If this were a fair world, they’d be on the top ten..

my new favorite band.. ;-)

August 27th, 2004

Barlow just rocks..

Barlow Lyrics :: Walk Away

Christine’s depression never seems to end
Cause She’ll never be as skinny as the girls on ‘Friends’
She got fat hips and thin lips, she’s jealous of a Q-tip
She’d take stupid over fat
She stuck her fingers down her throat for the very last time today
And she walked away

Malcolm’s got his image
His rock and his Glock
If he lives to see 20 he will have beat the clock
He’s got his ride and his pride and girls by his side
He makes his stand with the gun in his hand
He saw his best friend lying on a stainless steel tray
And he walked away

And the destinations clear …anywhere but here

It Doesn’t matter that you’re lying in the gutter
It Doesn’t matter that your brain’s all cluttered
It Doesn’t matter that you’re covered in scars
You’re never in the gutter with your eyes on the stars

So Walk away from the boyfriend bruises
And the shame of the game that your brain knows you’re losing
And the job that you do it just robs you of who
You can be when you’re free from this mentality
So you’re home by the phone getting stoned all alone
With your chatroom friends, your Korn and Ramones
But the phone don’t ring and Joey just sings ‘Sedated’
You gotta learn to hate it

It Doesn’t matter that you’re lying in the gutter
It Doesn’t matter that your brain’s on all cluttered
It Doesn’t matter that you’re covered in scars
You’re never in the gutter with your eyes on the stars

One more comment for the day..

August 23rd, 2004

I helped P. go shopping to outfit her new apartment, and discovered a few interesting things. First of all, whoever has been designing bookshelf stereo systems for the last year needs to be found and issued a pink slip.

I mean, it was awful. These things looked like the most ghetto ghettoblasters you’ve ever seen. Giant tubes, plastic crosshairs.. and so cheaply made you felt like you might break the demo models..

There were a couple of classy or cool looking systems, but by and large they were things I’d expect to see in the back of a pickup truck behind the gun rack. I mean, these were really awful..
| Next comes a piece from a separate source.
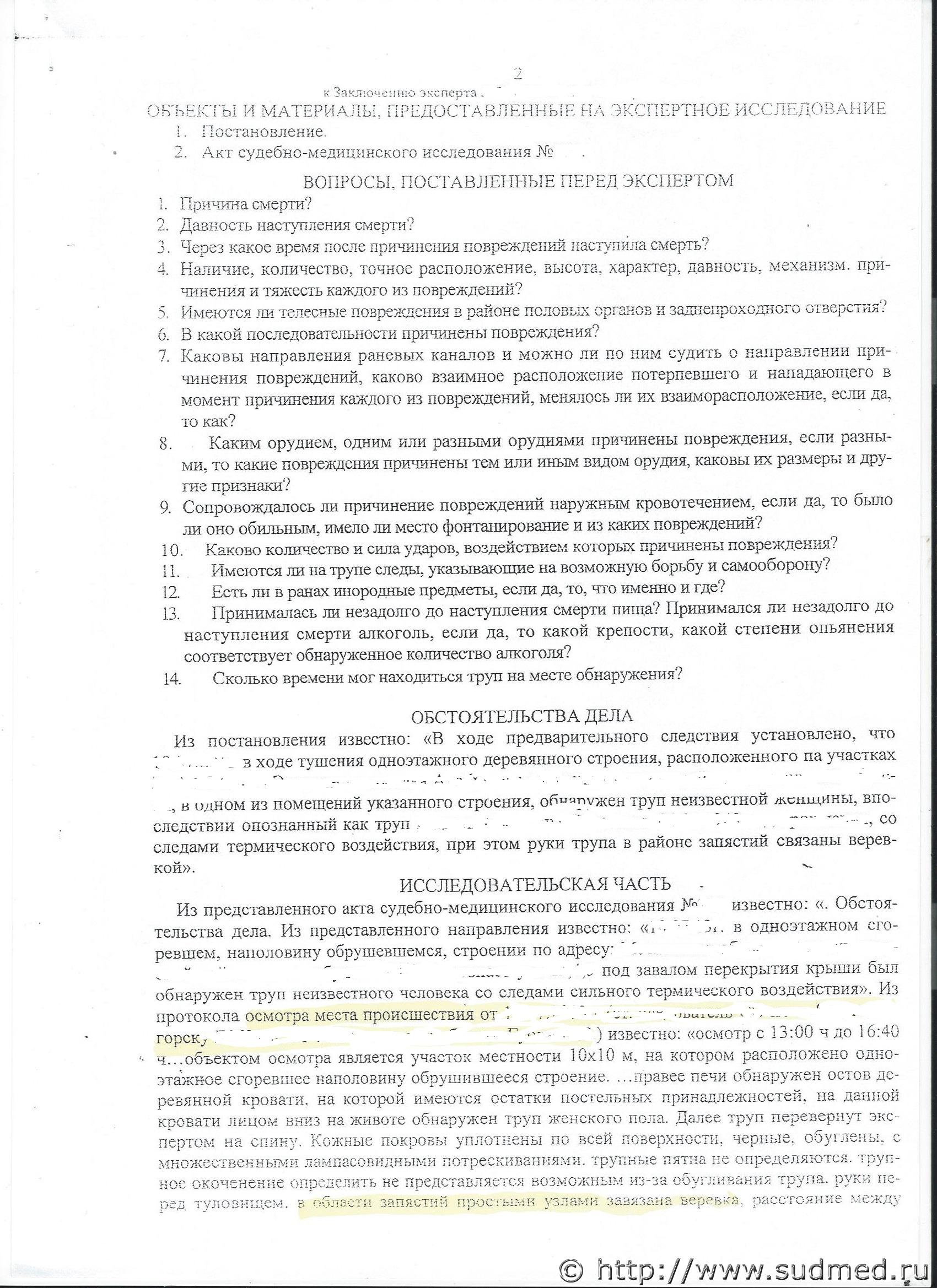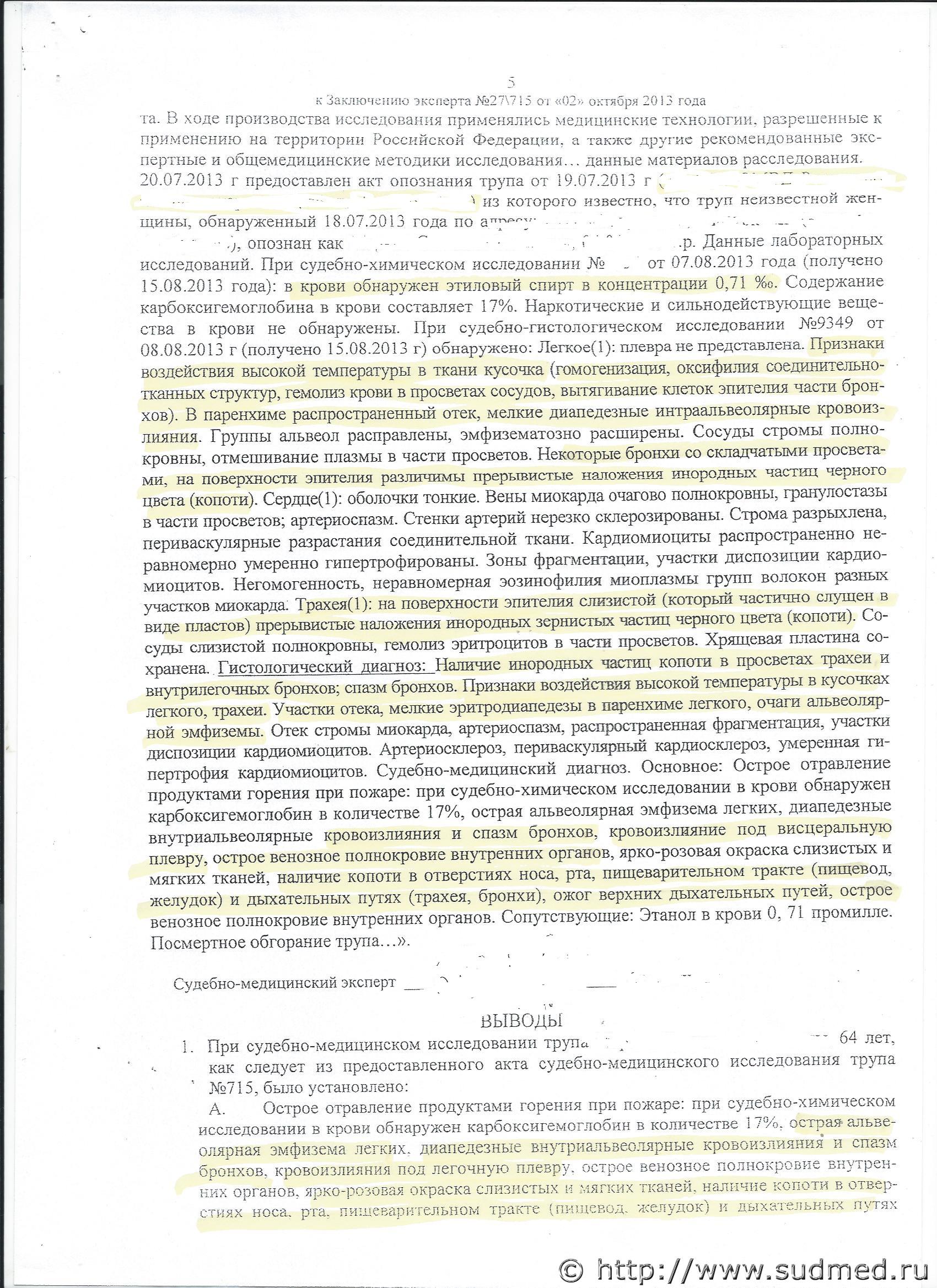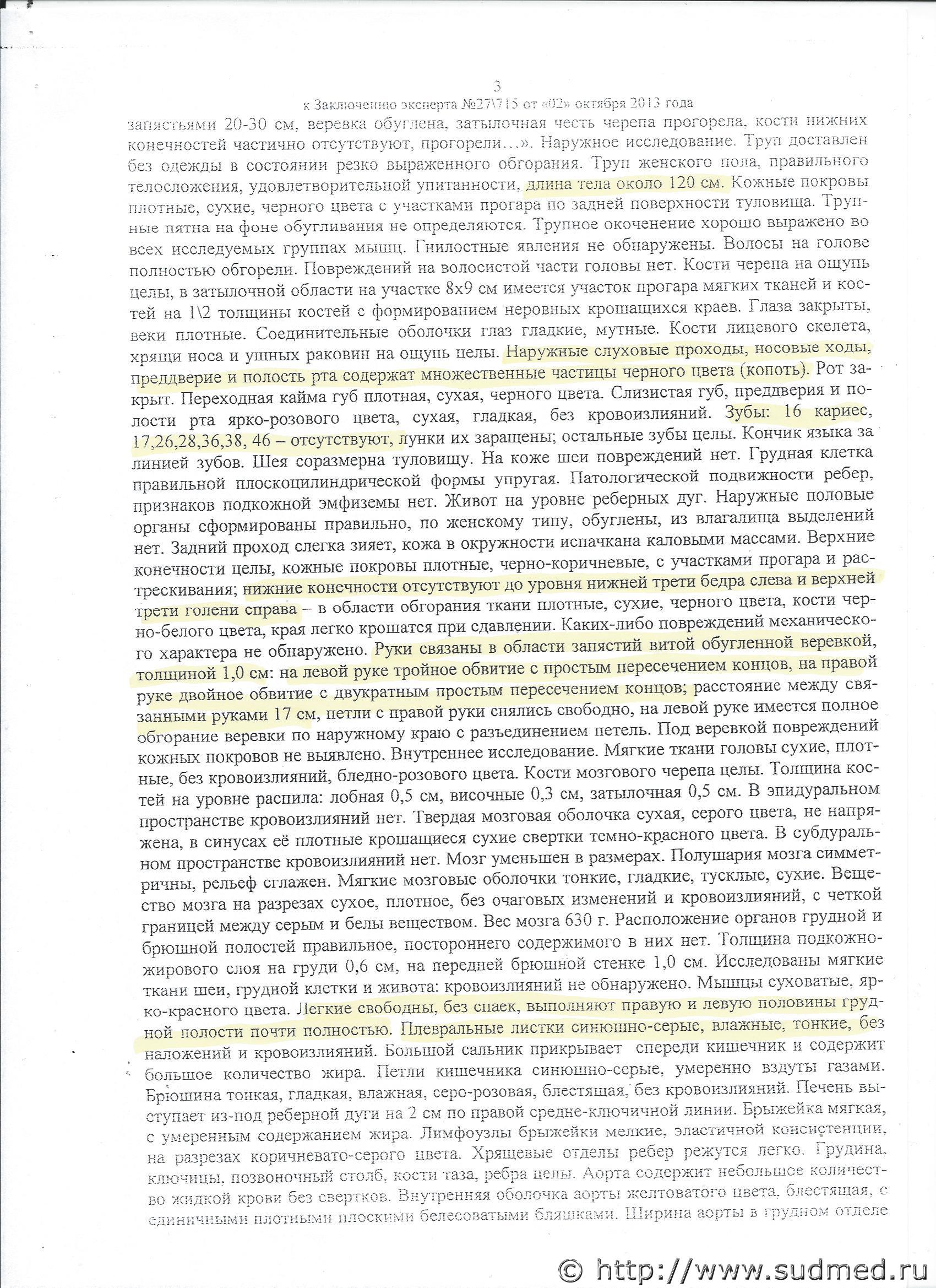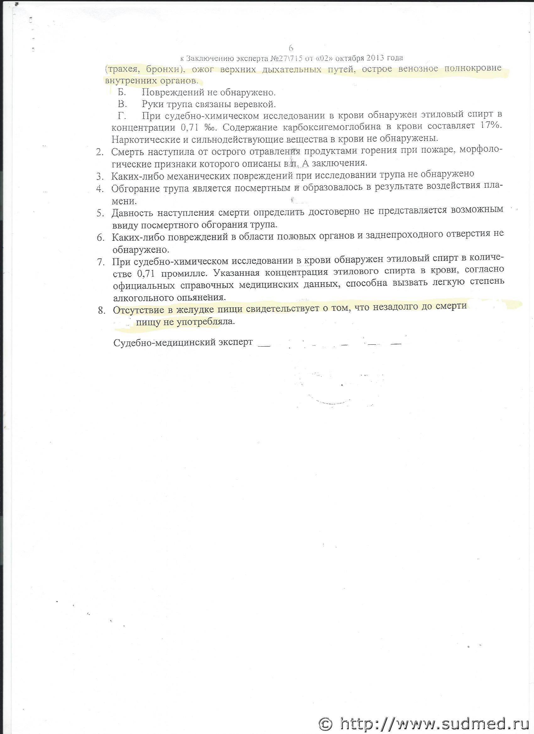 Я являюсь потерпевшим по уголовному делу. Пытаюсь ходатайствовать перед следствием о переквалификации ст. 105 ч.1 "умышленное убийство", на ч.2 п. "д" - "убийство, совершенное с особой жестокостью". Мне отказывают и отвечают, что по СМЭ моя мать формально "отравилась продуктами горения" и, соответственно тут якобы нет "особой жестокости". Я понимаю, почему СК так себя ведет, так как после такой переквалификации приостановить следствие будет намного сложнее и контроль могут поставить построже. Мне мешает согласится с тем, что ч.2 п. "д" ст. 105 отсутствует, так как по результатам СМЭ мной понимается, что все же совершено убийство с особой жестокостью. Поскольку моя мама была умышленно связана, облита бензином и заживо сожжена. Дело еще в том, что я обучался на фельдшера скорой и у меня была практика в ожоговом центре им. Вишневского. Там мы вскрывали в основном трупы, обгоревшие после пожаров и я помню, что паталогоанатом натаскивал нас очень серьезно и учил, что в подавляющем большинстве случаев, даже если человек горел заживо, как это не было нам удивительно, причиной смерти будет скорее всего установлено отравление, а не ожоги. Так же нас учили распознавать прижизненные и посмертные признаки влияния огня на тело и другим вещам. В СМЭ я усматриваю множественные признаки убийства с особой жестокостью. И по СМЭ, которое я прилагаю, я вижу, что было воздействие высокой температуры на внутренние органы, что моя мама получила прижизненные ожоги трахеи, бронхов, легких, что уже для меня однозначно говорит о ч. 2 "д". При этом, как мне кажется что даже официальная версия "отравление продуктами горения" в связанном виде тоже говорит о ч.2 п."д". так как угарный газ это так же яд и вызывает мучительную смерть. И его принятие в связанном виде в окружении открытого огня, особое мучение. То есть все равно ч.2 "Д". В любом случай, то что моя мама получила ожоги легких, говорит мне, что это возможно только при нахождении в сознании, при интенсивном дыхании обжигающим воздухом. Когда я говорю об этом в ГСУ, мне отвечают, что вдыхание горячего воздуха не является признаком ч.2 "Д". В некотором смысле, разговор про то, что смерть в связанном виде с присутствием ЛГЖ после умышленного поджога не является убийством с особой жестокостью странны для меня, так как я не могу согласиться с контраргументами ГСУ и считаю, что их же аргументы являются доказательством ч.2 Д. Мне хотелось бы узнать мнение экспертов. Увидят ли судмедэксперты в приводимом СМЭ ч.2 п. "д" с. 105 УК РФ. Поэтому я прилагаю СМЭ по вскрытию. Есть и еще вопросы, если будет позволено я их впишу в пост как апдейт. Например не дает покоя такой вопрос. Я похоронил маму в черном пакете и без опознания, мешок привез гражданин, ставший затем подозреваемым, в этот момент убийство он скрыл, всем сказал что моя мать случайно задохнулась от возгорания вдруг у него в сарае. Уголовное дело на тот момент не было возбуждено. Тело в пакете было примерно размером 160 см. с очертаниями ног и ступней, подозреваемый с помошниками силовым путем не допустили, что бы мы вскрыли мешок. Но по СМЭ я вижу, что от тела осталось 120 см., а ноги сгорели по колени. То есть, кого он привез и что именно там мы захоронили, достоверно не выяснено. Опросил сотрудников ритуальной службы. Они отвечают, что в подобных случаях никогда не подкладывают никаких имитаций. Но

We weren’t the only people who rebelled – the store had about three units that were more or less tastefully designed and well built.. and all three were sold out. 😉 While the ghetto-blasters were piled up, and everyone looking was staying away in droves.

Then there were the alarm clocks. My god.. it’s like everyone who designed alarm clocks studied at the School Of Cryptic Controls. How do these people come up with these things?

Then, in Target, I ran across something that made me snap. I mean, I was about to run out of the store screaming ‘STOP! STOP! You’VE ALL BEEN BRAINWASHED! YOU DONT NEED TIHS CRAP!’.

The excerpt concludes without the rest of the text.